Fitzpatrick paused with a hand on the doorknob and turned dead eyes back towards John. "Remember what I said. Tell anyone, bring anyone with you to the cottage, and I will not hesitate to slit that pretty little bitch's throat. Do I make myself clear?"
"Crystal."
John was the master of rage. He'd been immersed in its redness for 18 odd years and he put all of it behind his eyes then. He lifted those eyes to look once more at Fitzpatrick, but the man didn't even flinch.
This was not going to end well.
"One hour, John." And he was gone.
John let the sheets of paper and their finger-shaped creases fall from his hands and down onto the floor. He listened as Fitzpatrick chatted amicably with the guards stationed just outside the door before moving off.

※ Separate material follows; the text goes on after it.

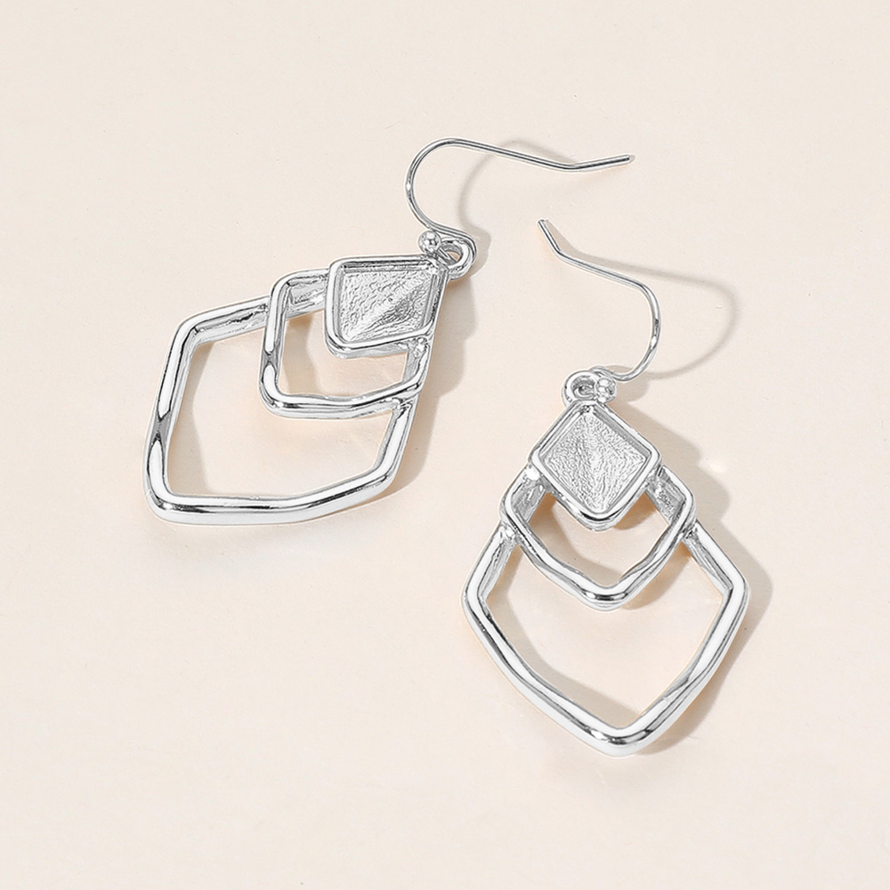 Frosted Brass Metal Rectangle Huggie Hoop Earrings

He'd been given 60 minutes to come up with a plan that hopefully kept Carrie alive, and he spread those minutes out in his mind, trying to decide how best to use them.
If this were a war and he were fighting against the enemy hordes, John would start thinking about a way to ambush them. Preemptive strikes had always been kind of his thing, but he wasn't fighting this war with a battalion of men at his side. If he went for help, if he brought Rodney and Lorne into all this, Fitzpatrick would kill Carrie. There was no battle when innocent women and children were ducking through the crossfire. That was just a massacre.
Unless, of course, those women and children had guns. They'd had guns in Afghanistan... but John didn't have time to think about all that right now.
John drew a hesitant hand up towards his earwig then stopped. If Fitzpatrick had a way of listening in on the comms then this would be over before it even began. He dug the earwig out of his ear instead and placed it on the desk beside him. Right next to the pizza box that was still lying open on the tabletop like some sort of sad reminder that life had once been normal.
But what was normal now?
Fitzpatrick had very nearly murdered Carson. He was ready to kill Carrie next. The former SEAL had all but admitted to everything, and John was wracking his brain for a reason why.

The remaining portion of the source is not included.